◆ WHAT NEEDS TO BE DONE ◆
All entries must be repeated exactly; do not include the pictures.

◆ Items from a dataset ◆
BEGIN
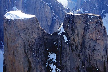 Mount Asgard is a twin peaked mountain with two flat-topped, cylindrical, rock towers, separated by a saddle.
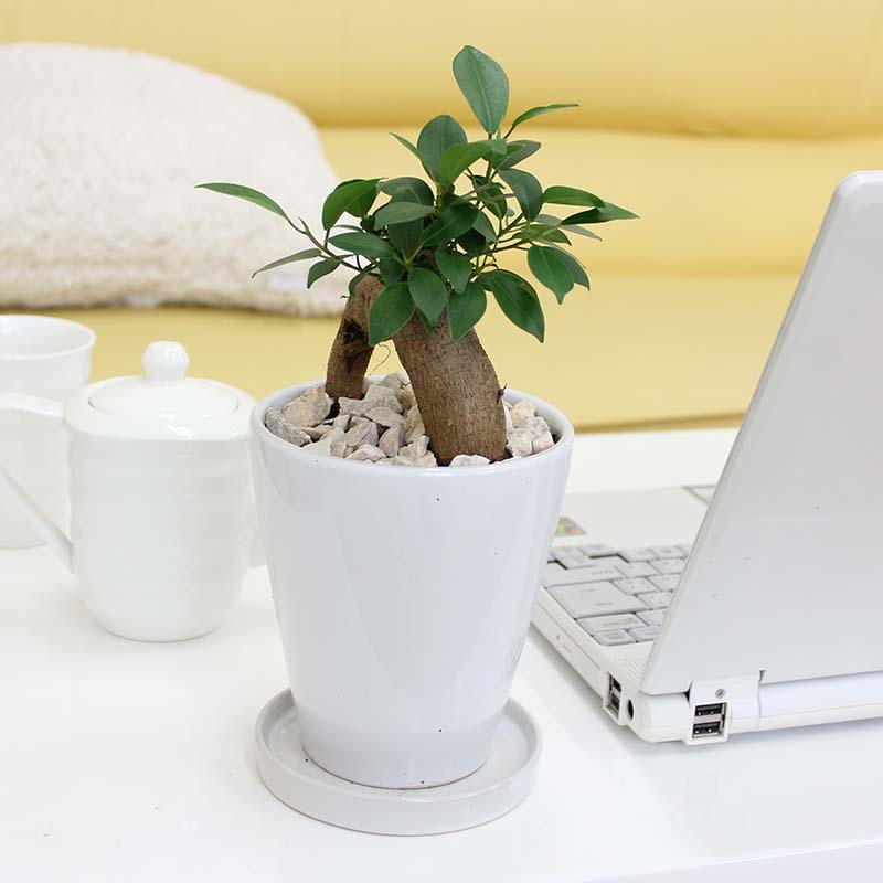 - 観葉植物 幸せを見守る樹 ガジュマル 5号 ホワイト陶器鉢 丸ロング 1鉢 土の表面 化粧石
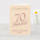 Elégant 70 et Fabulous Ornament 70th Birthday Card. 70 et texte fabuleux en écriture dorée tendance et un ornement élégant sur arrière - plan champagne. Personnalisez-le avec votre nom et votre âge, et faites une carte d'anniversaire personnalisée et élégante. Ajoutez votre note d'anniversaire à l'intérieur de la carte ou effacez-la.
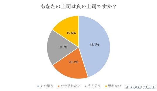 20代~30代の社会人に「自身の上司は良い上司か」と聞いたところ64%の方が自身の上司を良い上司だと「思う」または「やや思う」と回答しました。その理由としては「優しいから」が46.7%、「頼れるから」が41%、「成長させてくれるから」が35%との結果になりました。
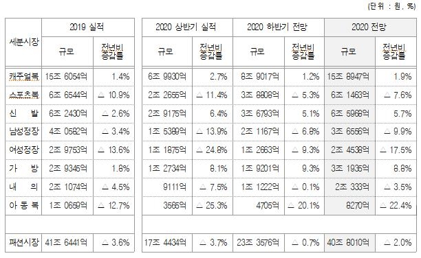 스포츠복 시장은 7.6%, 내의 시장은 3.5% 역성장했지만, 골프복과 잠옷 수요가 늘면서 2019년보다는 각각 3.3%포인트, 0.9%포인트 감소 폭이 줄었다.
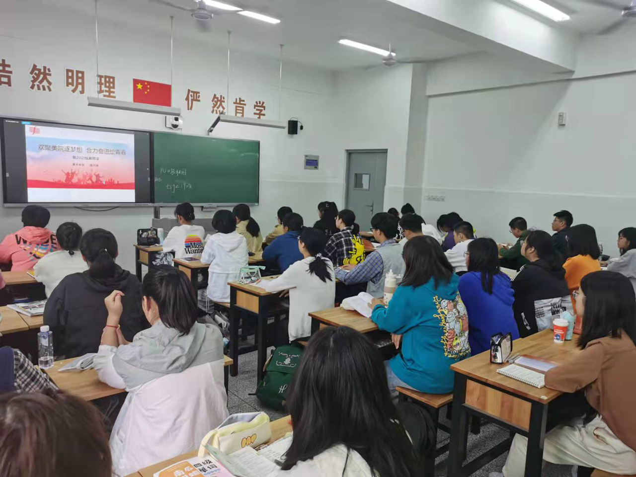 第一次主题班会。10月11日下午,新生各班第一次班会在各自的教室举行。周永春、袁远、张金阳、范守刚等四位新生班班主任(辅导员)老师围绕网络安全、防诈反诈、班集体建设,结合各自的班训就班级的常规管理,重点从员工的日常行为规范、班集体和学风建设等方面引导员工热爱祖国、强学力行、立志成才。
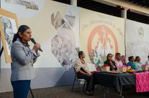 Norma Rocio Villegas, titular de la Instancia de la Mujer Tingambato, informo que tienen como objetivo de realizar talleres, conferencias, eventos públicos para promover la igualdad entre mujeres y hombres en las áreas de desarrollo social. Exhorto a realizar un cambio para el buen trato de las personas y sobre todo de las mujeres.
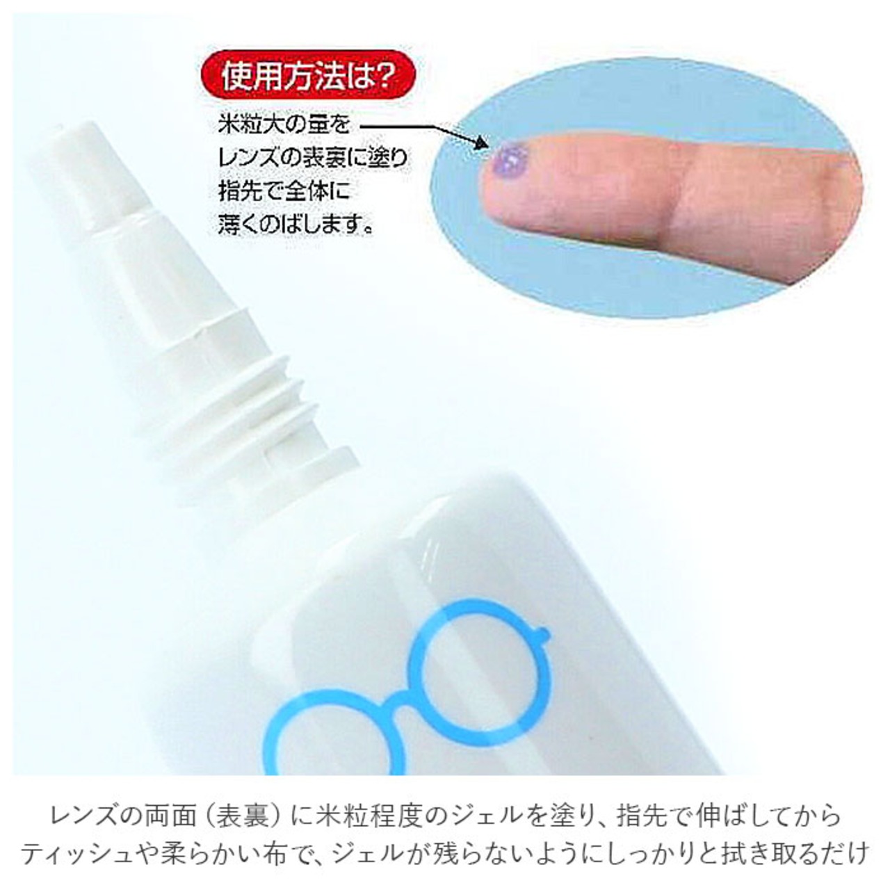 ・使い方は簡単!レンズの両面(表裏)に米粒程度のジェルを塗り、指先で伸ばしてからティッシュや柔らかい布で、ジェルが残らないようにしっかりと拭き取るだけ。(※メガネ拭きクロス・保湿成分を含んだティッシュペーパーは使用しないでください。)
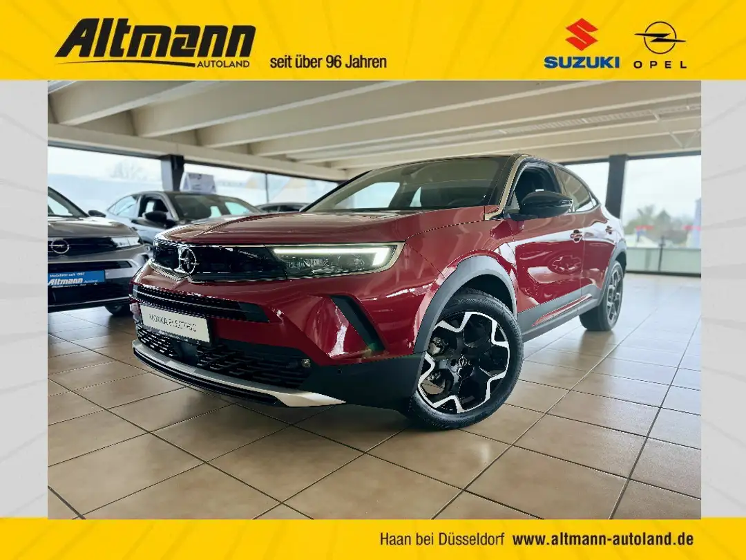 • 6 Lautsprecher* Akustischer Fußgängerschutz (Außensound)* Anti-Blockier-System (ABS)* Antriebsart: Frontantrieb* Audiosystem Multimedia Radio PRO* Außenspiegel elektr. verstell- und heizbar, elektr. anklappbar* Bluetooth Audio-Streaming* DAB-Tuner (Radioempfang digital)* Dach Diamant-Schwarz* Dachhimmel schwarz* Dachspoiler* Elektrofahrzeug* Elektromotor 100 kW (cont. 57 kW)* Elektron. Stabilitäts-Programm Plus (ESP)* Fahrassistenz-Paket: Active Drive Assist* Fahrassistenz-Paket: Active Drive Assist plus* Fahrassistenz-System: Fernlichtassistent* Fahrassistenz-System: Müdigkeitserkennungs-Sensor* Fahrassistenz-System: Totwinkel-Assistent* Fahrassistenz-System: Verkehrszeichenerkennung* Feststellbremse elektrisch* Freisprecheinrichtung (Bluetooth) mit Sprachsteuerung* Gepäck-/Laderaumboden doppelt* Getriebe für Elektrofahrzeug* Heckleuchten LED* Innenausstattung: Leder Alcantara* Karosserie: 5-türig* Klimaautomatik* Kopf-Airbag-System* Kühlergrill, Opel Vizor, Rahmen in Chrom* LM-Felgen 7x18 (5-Y-Speichen, Bicolor)* Ladekabel mit Schukostecker (Mode 2)* Ladevorrichtung On-Board-Lader (11 kW)* Lenkrad heizbar* MP3-Schnittstelle für Mobiltelefon/Handy* Nebelscheinwerfer LED* Opel Connect* Parkpilotsystem hinten* Radstand 2561 mm* Reifen-Reparaturkit* Rückfahrkamera mit 180° Umgebungsansicht* Scheibenwischer mit Regensensor* Schließ-/Startsystem Keyless Open* Seitenairbag vorn* Sicht-Paket* Tagfahrlicht LED* Technologie-Paket Park & Go* Wärmepumpe zur Reichweitenoptimierung* Wärmeschutzverglasung* Wärmeschutzverglasung hinten abgedunkelt (Solar-Protect)* Audio-Navigationssystem Multimedia Navi Pro (10* Dach Kontrast-Lackierung* Metallic-/Mineraleffekt-Lackierung* Sitzheizung vorn* Voll-LED (IntelliLux)* Winter-Paket* Dach Kontrast-Lackierung
END
◆ SOLUTION ◆
 Mount Asgard is a twin peaked mountain with two flat-topped, cylindrical, rock towers, separated by a saddle.
 - 観葉植物 幸せを見守る樹 ガジュマル 5号 ホワイト陶器鉢 丸ロング 1鉢 土の表面 化粧石
 Elégant 70 et Fabulous Ornament 70th Birthday Card. 70 et texte fabuleux en écriture dorée tendance et un ornement élégant sur arrière - plan champagne. Personnalisez-le avec votre nom et votre âge, et faites une carte d'anniversaire personnalisée et élégante. Ajoutez votre note d'anniversaire à l'intérieur de la carte ou effacez-la.
 20代~30代の社会人に「自身の上司は良い上司か」と聞いたところ64%の方が自身の上司を良い上司だと「思う」または「やや思う」と回答しました。その理由としては「優しいから」が46.7%、「頼れるから」が41%、「成長させてくれるから」が35%との結果になりました。
 스포츠복 시장은 7.6%, 내의 시장은 3.5% 역성장했지만, 골프복과 잠옷 수요가 늘면서 2019년보다는 각각 3.3%포인트, 0.9%포인트 감소 폭이 줄었다.
 第一次主题班会。10月11日下午,新生各班第一次班会在各自的教室举行。周永春、袁远、张金阳、范守刚等四位新生班班主任(辅导员)老师围绕网络安全、防诈反诈、班集体建设,结合各自的班训就班级的常规管理,重点从员工的日常行为规范、班集体和学风建设等方面引导员工热爱祖国、强学力行、立志成才。
 Norma Rocio Villegas, titular de la Instancia de la Mujer Tingambato, informo que tienen como objetivo de realizar talleres, conferencias, eventos públicos para promover la igualdad entre mujeres y hombres en las áreas de desarrollo social. Exhorto a realizar un cambio para el buen trato de las personas y sobre todo de las mujeres.
 ・使い方は簡単!レンズの両面(表裏)に米粒程度のジェルを塗り、指先で伸ばしてからティッシュや柔らかい布で、ジェルが残らないようにしっかりと拭き取るだけ。(※メガネ拭きクロス・保湿成分を含んだティッシュペーパーは使用しないでください。)
 • 6 Lautsprecher* Akustischer Fußgängerschutz (Außensound)* Anti-Blockier-System (ABS)* Antriebsart: Frontantrieb* Audiosystem Multimedia Radio PRO* Außenspiegel elektr. verstell- und heizbar, elektr. anklappbar* Bluetooth Audio-Streaming* DAB-Tuner (Radioempfang digital)* Dach Diamant-Schwarz* Dachhimmel schwarz* Dachspoiler* Elektrofahrzeug* Elektromotor 100 kW (cont. 57 kW)* Elektron. Stabilitäts-Programm Plus (ESP)* Fahrassistenz-Paket: Active Drive Assist* Fahrassistenz-Paket: Active Drive Assist plus* Fahrassistenz-System: Fernlichtassistent* Fahrassistenz-System: Müdigkeitserkennungs-Sensor* Fahrassistenz-System: Totwinkel-Assistent* Fahrassistenz-System: Verkehrszeichenerkennung* Feststellbremse elektrisch* Freisprecheinrichtung (Bluetooth) mit Sprachsteuerung* Gepäck-/Laderaumboden doppelt* Getriebe für Elektrofahrzeug* Heckleuchten LED* Innenausstattung: Leder Alcantara* Karosserie: 5-türig* Klimaautomatik* Kopf-Airbag-System* Kühlergrill, Opel Vizor, Rahmen in Chrom* LM-Felgen 7x18 (5-Y-Speichen, Bicolor)* Ladekabel mit Schukostecker (Mode 2)* Ladevorrichtung On-Board-Lader (11 kW)* Lenkrad heizbar* MP3-Schnittstelle für Mobiltelefon/Handy* Nebelscheinwerfer LED* Opel Connect* Parkpilotsystem hinten* Radstand 2561 mm* Reifen-Reparaturkit* Rückfahrkamera mit 180° Umgebungsansicht* Scheibenwischer mit Regensensor* Schließ-/Startsystem Keyless Open* Seitenairbag vorn* Sicht-Paket* Tagfahrlicht LED* Technologie-Paket Park & Go* Wärmepumpe zur Reichweitenoptimierung* Wärmeschutzverglasung* Wärmeschutzverglasung hinten abgedunkelt (Solar-Protect)* Audio-Navigationssystem Multimedia Navi Pro (10* Dach Kontrast-Lackierung* Metallic-/Mineraleffekt-Lackierung* Sitzheizung vorn* Voll-LED (IntelliLux)* Winter-Paket* Dach Kontrast-Lackierung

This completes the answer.